» **Exercise goal**
Any picture must be dropped, but each line of the data should be duplicated exactly.

» **Provided data**
------------------------------------------------

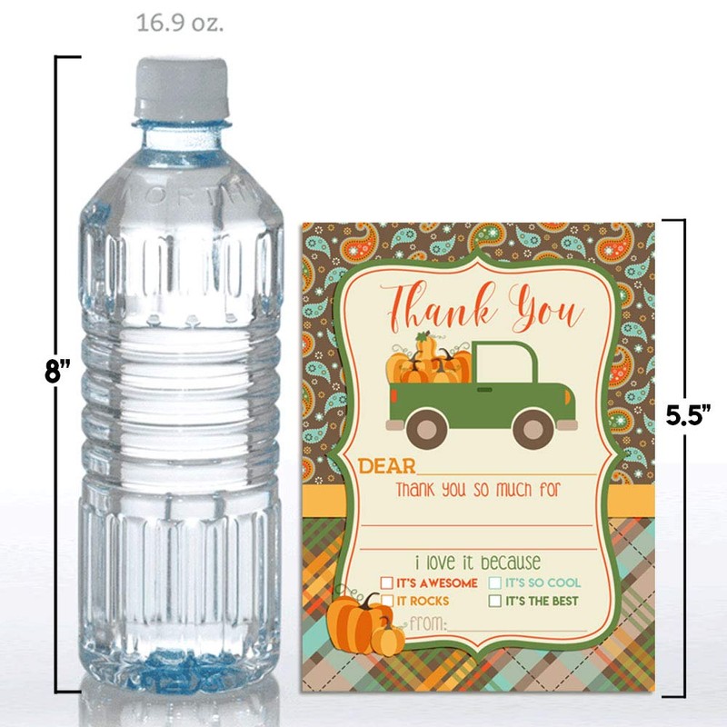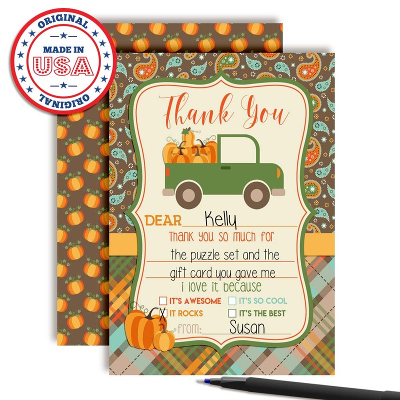 Pick Up Truck Full of Pumpkins Birthday Party Thank You Notes for Kids, Ten 4" x 5.5" Fill in The Blank Cards with 10 White Envelopes by AmandaCreation
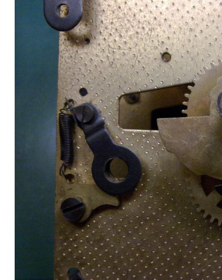 Я пилю в месте прилегания проволочки (из выравннной скрепки) к собачке в толщине собачки легкий паз глубиной примерно 0,5 мм для проволочки. Поскольку пружина постоянно прижата к собачке, выскочить из паза она не может, зато ее легко отвести в сторону и освободить собачку при необходимости спустить заводную пружину. Подвернется случай - сфотографирую.
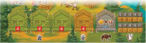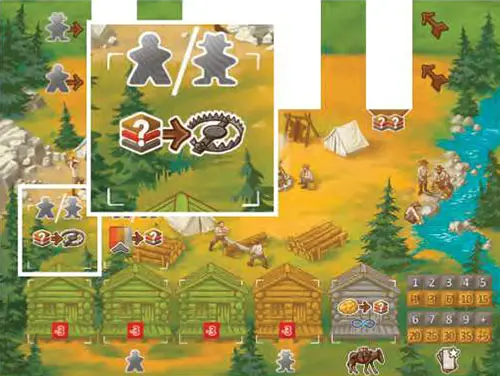 You may build a cabin tile from the cabin market board and add it to your player board during your Pioneering Step. Cabins have special rule-bending abilities, and prevent you from losing points at the end of the game (see Cabins and Scoring below).
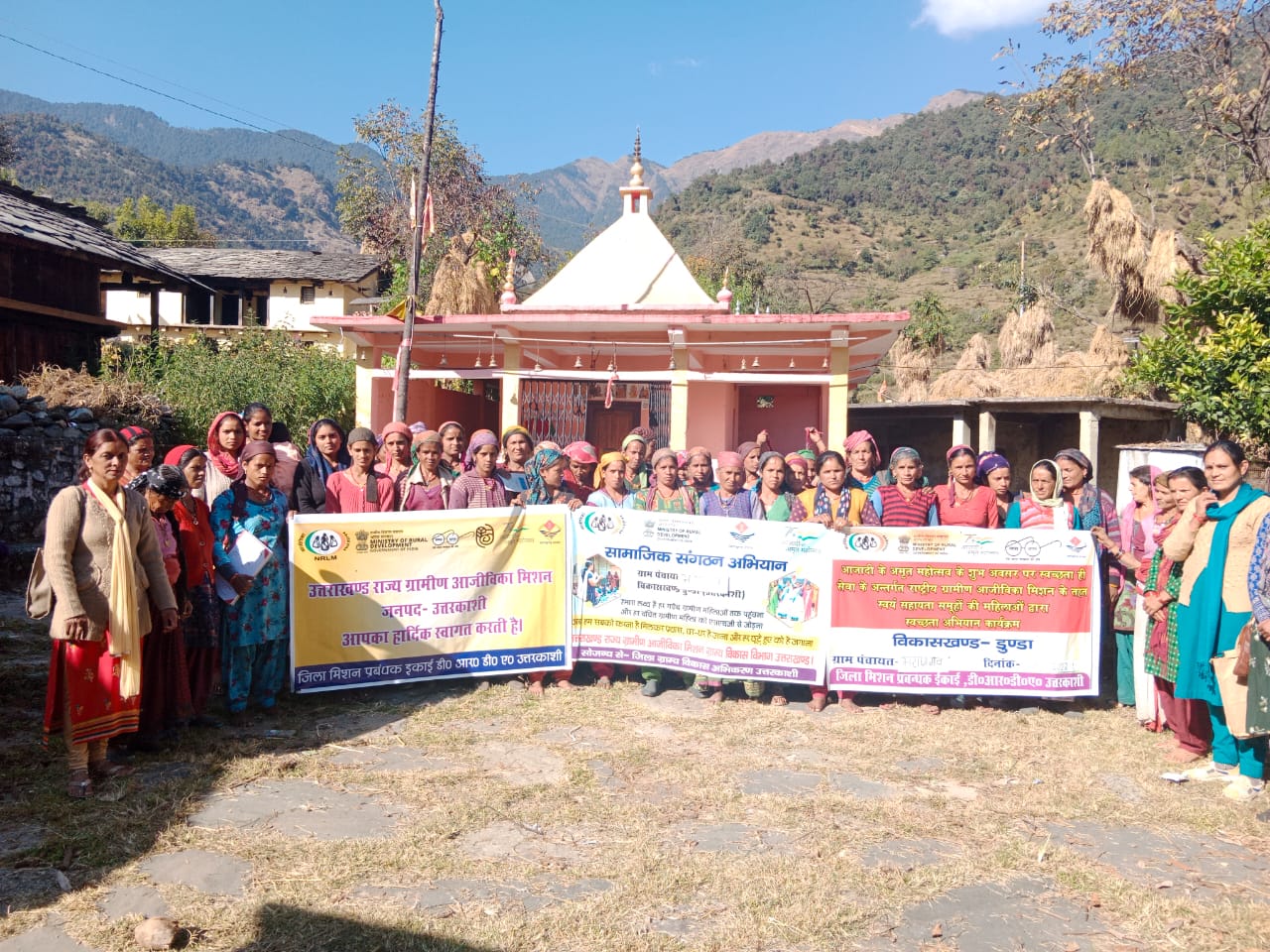 उत्तरकाशी । राष्ट्रीय ग्रामीण आजीविका मिशन के तहत डुण्डा प्रखंड के ग्राम पंचायत भराण गाँव में सीआरपी राऊण्ड के माध्यम से सामाजिक संगठन समावेशन अभियान के तहत छ: स्वयं सहायता समूहों का गठन किया गया l इस दौरान गाँव में स्वच्छता अभियान भी चलाया गया । उक्त जनवरी देते हुए जिला थिमैटिक एक्सपर्ट प्रमेन्द्र सिह राणा ने बताया कि राज्य मिशन ईकाई उत्तराखंड राज्य ग्रामीण आजीविका मिशन के क्रम में जनपद में गरीब, वंचित, एकल महिला, दिव्यांगजनों को मिशन से जोड़ने पर समस्त विकास खण्डों मे आन्तरिक सीआरपी राऊण्ड गतिमान है l जिसमें सीनियर सीआरपी एंव सक्रिय महिला की टीम गठित कर खण्ड विकास अधिकारीयों की देखरेख में समूह गठन का कार्य सभी विकास खण्डों में प्रगति पर है l गौरतलब है कि शासन द्वारा इस वित्तीय वर्ष में 1764 समूह का लक्ष्य दिया गया है l जिसके सापेक्ष 1000 से अधिक समूहों का गठन किया गया, जिसमें 800 से अधिक समूहों का एमआईएस पोर्टल पर अंकित भी किया गया है l थिमेटिक एक्सपर्ट द्वारा बताया गया है कि ज़िलाधिकारी द्वारा माह नवम्बर अन्त तक 1764 समूहों का गठन पूर्ण किये जाने पर निर्देश दिये गये जिसमें समस्त विकास खण्डों में समूह गठन का कार्य प्रगति पर है l इस मौके पर एरिया समन्वयक डुण्डा, ग्राम पंचायत प्रधान भराण गाँव, आन्तरिक पी आर पी डुण्डा तथा आन्तरिक सीआरपी टीम भी उपस्थित रही।

------------------------------------------------

» **Response to this task**
 Pick Up Truck Full of Pumpkins Birthday Party Thank You Notes for Kids, Ten 4" x 5.5" Fill in The Blank Cards with 10 White Envelopes by AmandaCreation
 Я пилю в месте прилегания проволочки (из выравннной скрепки) к собачке в толщине собачки легкий паз глубиной примерно 0,5 мм для проволочки. Поскольку пружина постоянно прижата к собачке, выскочить из паза она не может, зато ее легко отвести в сторону и освободить собачку при необходимости спустить заводную пружину. Подвернется случай - сфотографирую.
 You may build a cabin tile from the cabin market board and add it to your player board during your Pioneering Step. Cabins have special rule-bending abilities, and prevent you from losing points at the end of the game (see Cabins and Scoring below).
 उत्तरकाशी । राष्ट्रीय ग्रामीण आजीविका मिशन के तहत डुण्डा प्रखंड के ग्राम पंचायत भराण गाँव में सीआरपी राऊण्ड के माध्यम से सामाजिक संगठन समावेशन अभियान के तहत छ: स्वयं सहायता समूहों का गठन किया गया l इस दौरान गाँव में स्वच्छता अभियान भी चलाया गया । उक्त जनवरी देते हुए जिला थिमैटिक एक्सपर्ट प्रमेन्द्र सिह राणा ने बताया कि राज्य मिशन ईकाई उत्तराखंड राज्य ग्रामीण आजीविका मिशन के क्रम में जनपद में गरीब, वंचित, एकल महिला, दिव्यांगजनों को मिशन से जोड़ने पर समस्त विकास खण्डों मे आन्तरिक सीआरपी राऊण्ड गतिमान है l जिसमें सीनियर सीआरपी एंव सक्रिय महिला की टीम गठित कर खण्ड विकास अधिकारीयों की देखरेख में समूह गठन का कार्य सभी विकास खण्डों में प्रगति पर है l गौरतलब है कि शासन द्वारा इस वित्तीय वर्ष में 1764 समूह का लक्ष्य दिया गया है l जिसके सापेक्ष 1000 से अधिक समूहों का गठन किया गया, जिसमें 800 से अधिक समूहों का एमआईएस पोर्टल पर अंकित भी किया गया है l थिमेटिक एक्सपर्ट द्वारा बताया गया है कि ज़िलाधिकारी द्वारा माह नवम्बर अन्त तक 1764 समूहों का गठन पूर्ण किये जाने पर निर्देश दिये गये जिसमें समस्त विकास खण्डों में समूह गठन का कार्य प्रगति पर है l इस मौके पर एरिया समन्वयक डुण्डा, ग्राम पंचायत प्रधान भराण गाँव, आन्तरिक पी आर पी डुण्डा तथा आन्तरिक सीआरपी टीम भी उपस्थित रही।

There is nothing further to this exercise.